Extremely rare. A very elegant portrait and an interesting and finely executed
reverse composition. Perfectly struck and centred on a full flan.
Virtually as struck and almost Fdc

Ex Naville VIII, 1924, Bement, 1211 and Christie's 9th October 1984, 104. From the Karnak Hoard of 1901 and the collection of Victor Adda.

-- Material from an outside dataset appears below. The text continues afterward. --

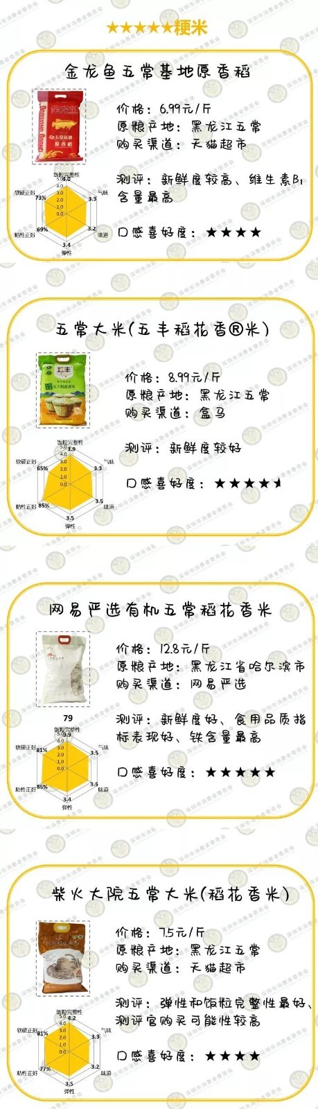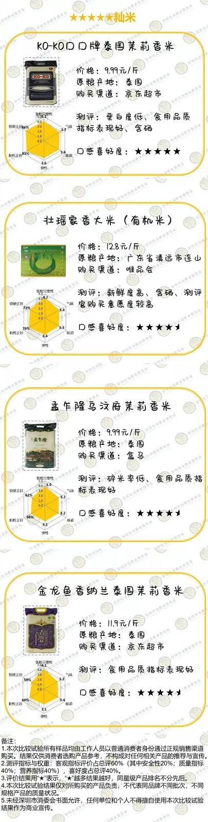 大米比較試驗(yàn)測評(píng)產(chǎn)品信息及評(píng)級(jí)表↓

On 28 January 198 AD, the nine-year-old Caracalla was appointed co-Augustus to rule alongside his father, Septimius Severus. His given name had been L. Septimius Bassianus, but upon his father's seizure of power he was renamed Marcus Aurelius Antoninus, as on the present aureus, to establish a false link to the legitimacy of the defunct Antonine dynasty. He was nicknamed Caracalla by the soldiers due to a hooded Gallic cloak that he habitually wore. The reverse type depicts Caracalla driving a quadriga, wearing the cloak and holding the winged eagle sceptre as emblems of a triumphing general. It celebrates his involvement in the triumph of Septimius Severus over the Parthian Empire that took place in the same year as Caracalla's elevation to the rank of Augustus. Despite the fact that the event immortalized on the coin took place more than half a decade earlier, the Parthian triumph was frequently invoked on Severan coinage and was made current again by the completion of the Triumphal Arch of Septimius Severus in 203. It is somewhat ironic that Caracalla appears on the reverse of this coin triumphing over the Parthians in a war that was really fought by his father in 195-197. When Caracalla later embarked on his own Parthian campaign in 216-217, it ended in anything but triumph. Although he claimed his own victory and assumed the title of Parthicus Maximus, in April 217 he was struck down by a disgruntled soldier while urinating by the roadside. With the loss of its commander, the army could not stand up to the returning Parthian forces. The new emperor, Macrinus, was forced to pay an estimated 50 million denarii in return for permitting the army to withdraw from Parthian territory.